I was a bit surprised late last night to receive a reply from him. Here it is:
Thanks for your email.
We will have to agree to differ on this. I have had an enormous amount of feedback from employers based on practical experience that directly rebuts your legal analysis. Whatever the law books may or may not say in theory, employers are being taken for a ride in practice.
Best wishes, Dominic
Well as an argument, that sounds pretty familiar. Here’s my reply.
I really appreciate your taking the time to reply to my email so quickly. I didn’t expect us to agree on what the law of unfair dismissal should be. However I am surprised that we can’t even agree about what the law currently is.
The analysis I put forward is not some theoretical model that I’ve extracted from a text book. Employment law is a practical subject, and I have many years of experience giving practical advice to real employers about how they can manage people within the law. I described the law correctly and if any Tribunal applied a different standard then I would expect that to be challenged on appeal. It is noticeable, however, that this is not an area that generates much case law. This is good evidence, I think, that the Tribunals are applying the accepted standards that have been a settled part of the law for decades.
The ‘feedback’ that you have had from employers is not a sound basis for a change in the law. The reasons for this should be obvious. First of all, there are two sides to every story and I note that your evidence comes from the employer’s side only. Secondly, I too have spoken to employers who feel they have been ‘taken for a ride’ but the case has rarely reached the Employment Tribunal. They may have received over-cautious legal advice, or poor internal advice. Line managers often fail to deal with poor performance because they feel awkward and embarrassed about bringing the subject up. Could it be that when senior managers later want to know why an issue was never addressed, the ‘law’ is a convenient scapegoat? Obviously if you have actual Tribunal decisions to back up your argument then that is a different matter. These are public documents. If you give the appropriate reference, we can all read them and see if there is a real problem here.
I confess to finding it frustrating that the critique of unfair dismissal law used by those promoting the ‘Beecroft’ proposals is so very general and non-specific. We are told that the law is too onerous, but never told just what it is about the law that is unreasonable. Is it the need to give the employee a warning before dismissal? Is it the frustration of having to allow an employee a reasonable chance to improve? I wrote to you because you made specific claims about what the law currently says and gave an employment law text-book as your source. It is a shame that when challenged on the specifics, you fall back on the familiar, generalised, appeal to anecdote that tends to characterise the debate on this topic. I think we are entitled to a more rigorous approach from those who are proposing a significant change in the current law.
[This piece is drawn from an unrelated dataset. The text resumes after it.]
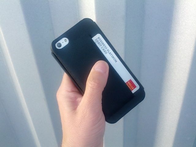 The CaptCase is certainly minimalist. About 1mm thick, it fits snugly onto your iPhone (in two sizes: 4 / 4S and 5) and latches shut with a magnetic flap that fits flush against the phone’s side. It is just black. In shiny fine-grained genuine leather — no logos or anything else on its sleek exterior. On the reverse is a handy little pocket for slotting in credit cards and cash, if you want to leave the wallet or purse at home. It even minimizes jeans bulk!

All the same, I appreciate your reply.
I suspect that the correspondence ends here – although I’ll post any further reply that i get.
What do we learn from this? There is still work to be done in making sure that employers understand how employment law really works. My view remains that unfair dismissal law needs no major reform. Instead, employers need to understand that behaving reasonably does not mean running away from awkward conversations, or putting up with a job being done badly. Employers are entitled to insist that a job is done well. However they are not entitled to dismiss employees on a whim without giving them a fair opportunity to demonstrate that they can work to the required standard. Those promoting the ‘Beecroft’ agenda would probably deny that that is the result that they are after – but beneath the generalisations and the anecdote, we should be clear that that is what they are proposing.